Jan 23, 2022 - World

Blinken: U.S.-Russia could still find consensus

Secretary of State Antony Blinken is seen during a news conference in Geneva.

Secretary of State Antony Blinken in Geneva last week. Photo: Fabrice Coffrini/AFP via Getty Images

Secretary of State Antony Blinken said Sunday there are still areas in which the U.S. and Russia may be able to find consensus, such as on arms control and the placement of missile systems in Europe, despite their standoff over Ukraine.

Why it matters: Even with those diplomatic possibilities, the secretary said the U.S. will not compromise "by one iota" on Russia's highest priority demand — freezing NATO expansion, especially for Ukraine and Georgia — which would breach the alliance's "open-door" policy.

Driving the news: During a round of Sunday show appearances, Blinken warned Russia is seeking to reestablish a "sphere of influence" to "subjugate" its neighbors to its will.

  • That violates international norms that have helped keep peace in Europe since the collapse of the Soviet Union, he said.
  • It also heightens the stakes far beyond the borders of Ukraine, the secretary argued on CNN's "State of the Union."
  • "If we allow those things to go forward and stand with impunity, then that opens a Pandora’s box that countries well beyond Europe will see and maybe decide to act on."

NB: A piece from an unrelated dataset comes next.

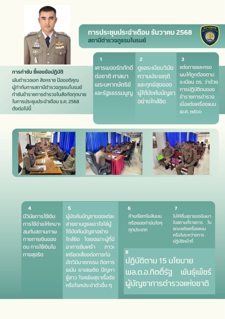 วันที่ 10 เมษายน 2567 เวลา 10.00 – 11.30 น. พ.ต.ท.บรรจบ ราชกิจ สวป.สภ.มโนรมย์ หัวหน้าชุดมวลชนส

Between the lines: Blinken spoke ahead of a critical week for the fate of Ukraine, as Russia awaits written answers to a set of security demands that would uproot the post-Cold War international order.

  • Two weeks of intensive diplomacy, including Blinken's request for a last-minute meeting in Geneva last Friday with his Russian counterpart, have failed to produce any breakthroughs.
  • With Russian forces continuing to amass on all sides of the Ukrainian border, Blinken faced questions about whether the fruitless negotiations are simply buying the Kremlin time.
  • "Engaging in diplomacy doesn't take the word nyet out of your vocabulary," the secretary said on NBC's "Meet the Press."

Go deeper: Some experts believe Russian President Vladimir Putin wants to read the written U.S. responses with his own eyes, due to the centralized nature of the Russian system — in which one man dominates decision-making and even top diplomats may be in the dark.

  • Blinken told CNN "as we're doing it, we're building up our defense, we're building up our deterrence, to make sure that Russia understands that if it doesn’t follow the diplomatic course, if it renews its aggression, there will be very significant consequences."

The bottom line: Days after President Biden's "minor incursion" gaffe set off alarm bells in Kyiv, Blinken stressed on CNN that "a single additional Russian force" crossing the border would trigger a "swift, a severe and a united response from us and from Europe."